Would you stay on a sales call if you knew you were being recorded without consent?
I was on a call with a founder and they asked me to turn on my camera on Google Meet.
I said no citing that they have brought in the call recorder without my consent. I consent for voice recording and summarizing, not video capture.
He said he needed it.
I said no problem, in that case I will have to cancel and leave the meeting.
But that’s not even the interesting part.
What’s interesting is why I said no.
More and more people are joining calls with AI note-takers, silent recorders, or “meeting assistants”, often without explicitly stating it.
Even if you don’t “accept” the bot, it doesn’t really matter anymore.
If someone wants to record, they will... one way or another.
And that creates a weird imbalance:
You’re being recorded
You didn’t consent
You don’t know how that data will be used, stored, or shared
Now compare that with how companies like Apple handle this.
When you call their support:
They explicitly tell you the call is being recorded
They control the storage and usage of that data
And importantly, they don’t allow you to record freely. If you insist on recording, they can refuse service.
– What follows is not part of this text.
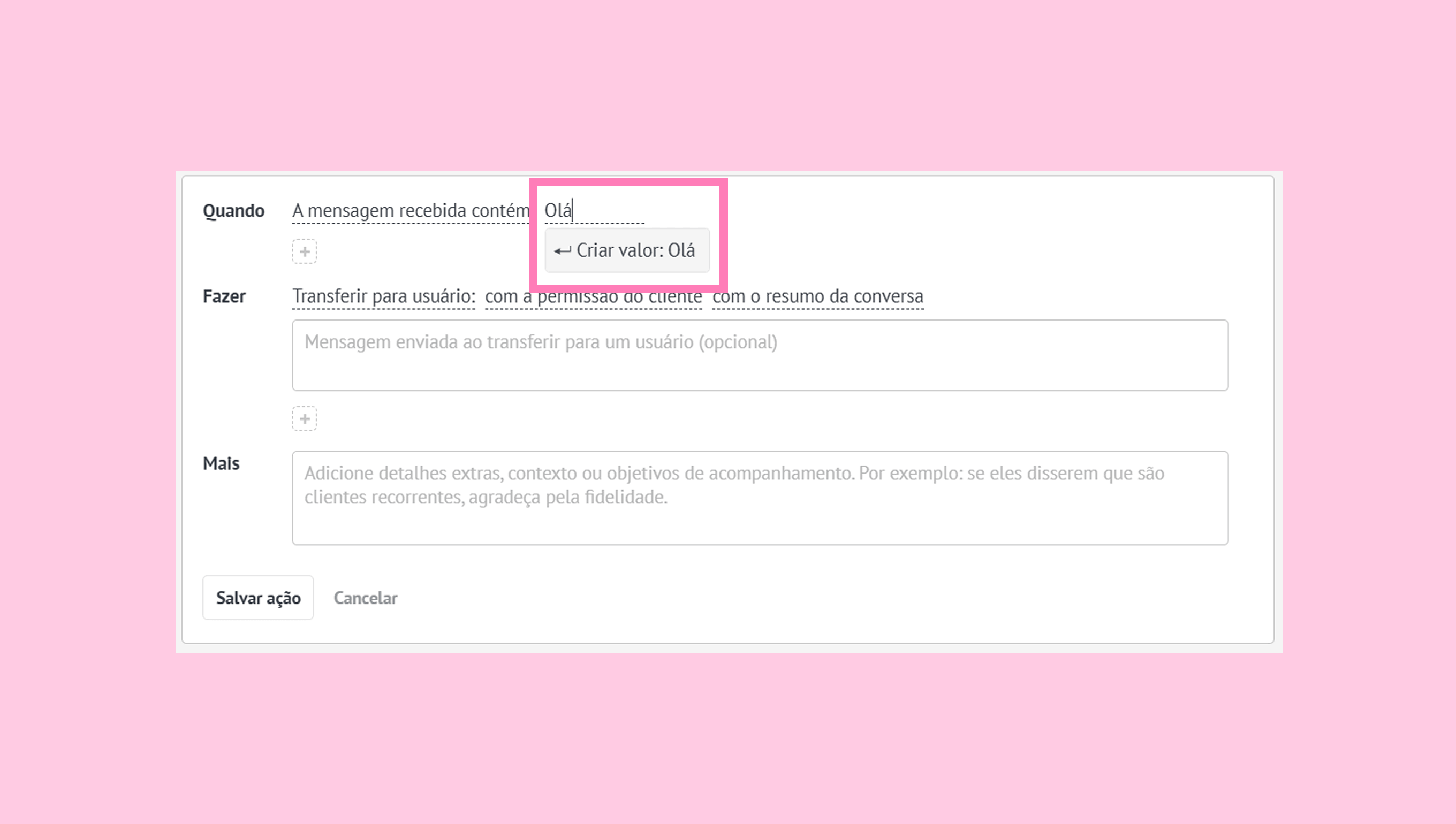 Você também pode digitar sua própria condição QUANDO personalizada manualmente e pressionar Enter para salvar. Por exemplo: adicione frases como olá ou como vai.

Clear ownership and consent structure.
But in B2B calls today?
None of that exists.
Anyone can:
Record
Transcribe
Feed your conversation into AI
Store it indefinitely
All without saying a word.
So the real question is: Should business conversations move toward explicit mutual consent like Apple support calls? Or is silent recording just going to become the default and everyone has to adapt?
Let me know in the comments what you think about this.

Replies
What's weird is that once people know a call might be stored forever, they naturally speak a little differently. Do you think that quietly lowers the quality of real conversations?
This feels like one of those habits tech made easy before people really decided if it was normal. Do you think the tools shaped the behavior more than the users did?
I think the camera part changes the whole vibe because notes are one thing, but visual capture feels more personal. Do you think people treat audio and video consent too casually now?
What stands out to me is how fast "being recorded" is becoming the default expectations in work calls. Do you think most people have actually agreed to that, or just stop questioning it?
Nope. I would drop off.
It sounds more like a surveillance than a sales call!
That's what spam callers do in a meeting actually (Have pro-experience😶🌫️).
I would probably stay but I'd call it out immediately and renegotiate the terms of the conversation. What bugs me is the lack of disclosure — not the recording itself. Most AI note-taking tools are actually useful; I use summaries myself.
That said, as someone building Hello Aria (an AI assistant for WhatsApp/iOS, launching April 10th on PH), we think a lot about consent around AI-captured context. Our whole design principle is that the AI should only have access to what the user deliberately shares. Implicit data capture without disclosure is a fast way to break trust permanently, even if the intent is benign.
So yes, I'd stay — but you'd hear about it.
I agree with you 100%.
I had a video chat recently and I only found out about the recording after the fact when he asked me if I wanted a copy of the recording.
I was annoyed.
Assuming someone is okay with it without acknowledging it beforehand is quite disrespectful in my opinion. In addition to trust, decency that comes with being forthright was lost.
Definitely not the best way to establish a new relationship.
Now, I wait to see if they disclose the recording before I chime in to ask about it at every video call. I think it is a form of etiquette to get consent.
I'd stay but bring it up immediately: "Just noticed you have a recorder running - are you capturing audio, video, or both?" Most people ask properly after that. The issue isn't the recording itself (I consent to audio + notes), it's the assumption that consent isn't needed. AI note-takers have normalized this bad habit - people add Otter or Fireflies without mentioning it. The bar should always be: ask first, record after. We were deliberate about this building Hello Aria (AI productivity assistant for WhatsApp/Telegram + iOS, launching April 10th on PH) - when the AI summarizes or logs something, users see it. Transparency isn't optional when you're handling someone's conversations.
The question was framed "... being recorded without consent?" This implies I am not consenting to it. I'd demand the recording be stopped as well as deleted.
I do not consent = No. No wiggle room.